Is there a way to return the max value of column in SQL?

Question

If I have a table...

name | day | showers
-----|-----|--------
John | mon | 1
John | tue | 2
John | wed | 1
Pete | fri | 3

and I want to return the table of each persons day with the most showers...

name | day | showers
-----|-----|--------
John | tue | 2
Pete | fri | 3

How would I do this?

I thought I could do...

SELECT name, day FROM table GROUP BY name WHERE showers=max(showers)

but I get a syntax error due to day not being in the group by clause

Answer 1

You can use this query:

SELECT name, days, showers
FROM test
WHERE showers =
(SELECT max(showers) FROM test i WHERE i.name = test.name)

A correlated subquery is one way of reading every row in a table and comparing values in each row against related data. It is used whenever a subquery must return a different result or set of results for each candidate row considered by the main query. In other words, you can use a correlated subquery to answer a multipart question whose answer depends on the value in each row processed by the parent statement.

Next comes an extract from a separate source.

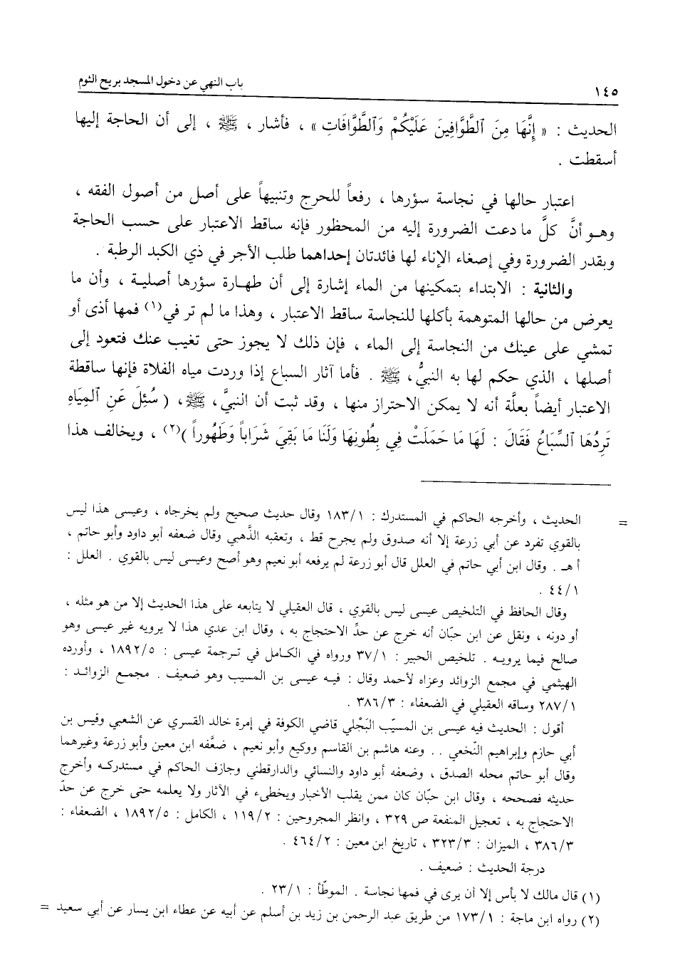 وقال الحافظ في التلخيص عيسى ليس بالقوي، قال العقيلي لا يتابعه على هذا الحديث إلا من هو مثله، أو دونه، ونقل عن ابن حبّان أنه خرج عن حدِّ الاحتجاج به، وقال ابن عدي هذا لا يرويه غير عيسى وهو صالح فيما يرويه. تلخيص الحبير: 1/ 37 ورواه في الكامل في ترجمة عيسى: 5/ 1892، وأورده الهيثمي في مجمع الزوائد وعزاه لأحمد وقال: فيه عيسى بن المسيب وهو ضعيف. مجمع الزوائد: 1/ 287 وساقه العقيلي في الضعفاء: 3/ 386.

So from the original table on the left, by running this query, you get the result in the table on the right

Answer 2

You could use an uncorrelated subquery. This will keep the ties as well

select *
from t 
where (name, showers) in (select name, max(showers)
                          from t
                          group by name);

Can also be expressed as a correlated subquery

select *
from t t1
where showers= (select max(t2.showers)
                from t t2
                where t1.name=t2.name);

Answer 3

Use distinct on:

select distinct on (name) t.*
from t
order by name, showers desc;

This returns exactly one row per name. If you want duplicates if there are ties, then use rank() or dense_rank():

select t.*
from (select t.*,
             rank() over (partition by name order by showers desc) as seqnum
      from t
     ) t
where seqnum = 1;